Пелагея торжественно удалилась. Отец поднялся и на весь дом:

— Анна! Анюта! Где вы? Собирайтесь на бахчи!

Самыми отрадными и незабываемыми были поездки за первыми дынями. Если ехал отец, то запрягал злющего Сивку, а если мать или тетка Аннушка, то детей вез общий любимец Лысманка. Однако Илюха был настолько нетерпелив, что готов был скакать и на Сивке. Бахчи засевались верстах в восьми-десяти от станицы. Обычно выезжали вместе с солнышком. Спали плохо. Шушукались до позднего часу.

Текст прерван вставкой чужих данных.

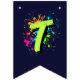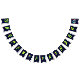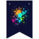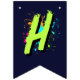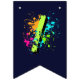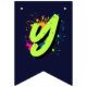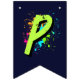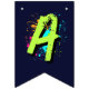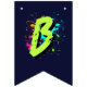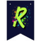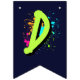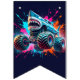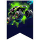 Decorate your child’s party with this personalized monster truck birthday bunting banner featuring a bold green monster truck, a fierce blue shark monster truck, and vibrant neon paint splashes. Perfect for a boys monster truck themed birthday party, this custom name “HAPPY BIRTHDAY” 16-flag banner adds a fun and coordinated touch to your monster truck party decorations. Designed in 5.5" x 8" vertical flag format with V-shaped bottoms, it pairs perfectly with matching monster truck party supplies, plates, cups, hats, and favor bags for a fully themed celebration.
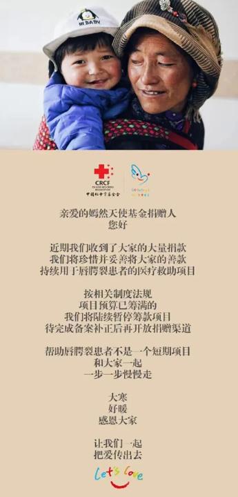 1月20日,@嫣然天使基金 发文感恩大家:近期我们收到了大家的大量捐款,我们将珍惜并妥善将大家的善款,持续用于唇腭裂患者的医疗救助项目。按相关制度法规,项目预算已筹满的我们将陆续暂停筹款项目,待完成备案补正后再开放捐赠渠道。

— Рано едем. Ни одной спелой не найдем…

— Найдем! Найдем! — орали все наперебой.

— На днях я одну травкой прикрывал, — сказал Миша. — Один бочок уже желтоватенький…

— Ох, братик, какой ты молодец! — радостно говорила Саня, самая любимая Илюшкина сестра, восторженная и на редкость добрая.

— Только не будет ее уж там! — отрезвлял он Санькину восторженность.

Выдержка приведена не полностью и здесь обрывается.